I think this subject needs some more discussion. I intend this post as an appendix to Daniel T’s excellent and very clever answer – that’s a fine piece of work. But Dan Getz’s comment made me think that some more detail would be helpful.

Dan suggests that there is no general way to yield to another task. This is correct because there is no guarantee that any other Task is ready to run, nor is there any guarantee of the execution order of the various Tasks. The example program fails to meet expectations because of details in the event loop implementation, which I discuss below.

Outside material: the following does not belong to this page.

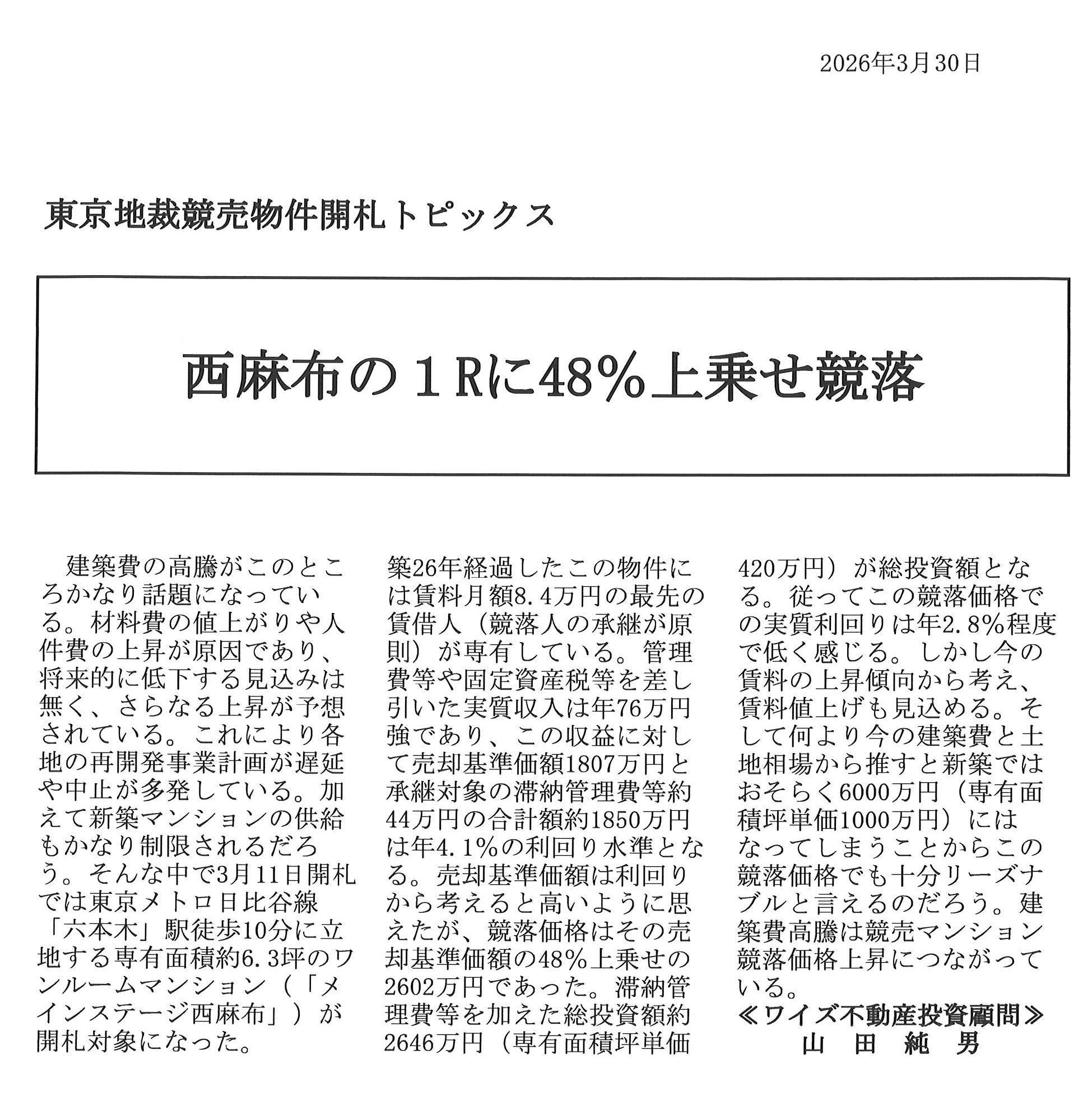 2026年3月30日「西麻布の1Rに48%上乗せ競落」

There are, however, tools for unambiguously synchronizing work between different Tasks. It’s probably a bad idea to rely on time intervals in asyncio.sleep() for this purpose. Consider the following program, which uses an asyncio.Event to force light_job() to finish before heavy_job() can enter its second time.sleep delay. This will always work because the program logic is explicit:

import asyncio
import time

event = asyncio.Event()

async def light_job():
    print("hello ")
    print(time.time())
    await asyncio.sleep(1)
    print(time.time())
    print("world!")
    event.set()


async def heavy_job():
    print("heavy start")
    time.sleep(3)
    print("heavy halt started")
    # await asyncio.sleep(0)
    await event.wait()
    print("heavy halt ended")
    time.sleep(3)
    print("heavy done")
    
async def main():
    await asyncio.gather(light_job(), heavy_job())

asyncio.run(main())

Even simpler is this approach, which avoids the use of Event and even of gather:

import asyncio
import time

async def light_job():
    print("hello ")
    print(time.time())
    await asyncio.sleep(1)
    print(time.time())
    print("world!")

async def heavy_job():
    light = asyncio.create_task(light_job())
    print("heavy start")
    time.sleep(3)
    print("heavy halt started")
    # await asyncio.sleep(0)
    await light
    print("heavy halt ended")
    time.sleep(3)
    print("heavy done")
    
async def main():
    await heavy_job()

asyncio.run(main())

As for why the original script failed, the explanation can be found in the event loop implementation. An event loop keeps track of two things: a list of "ready" items, representing Tasks that are able to execute right now; and a list of "scheduled" items, representing Tasks that are waiting for some time interval to expire.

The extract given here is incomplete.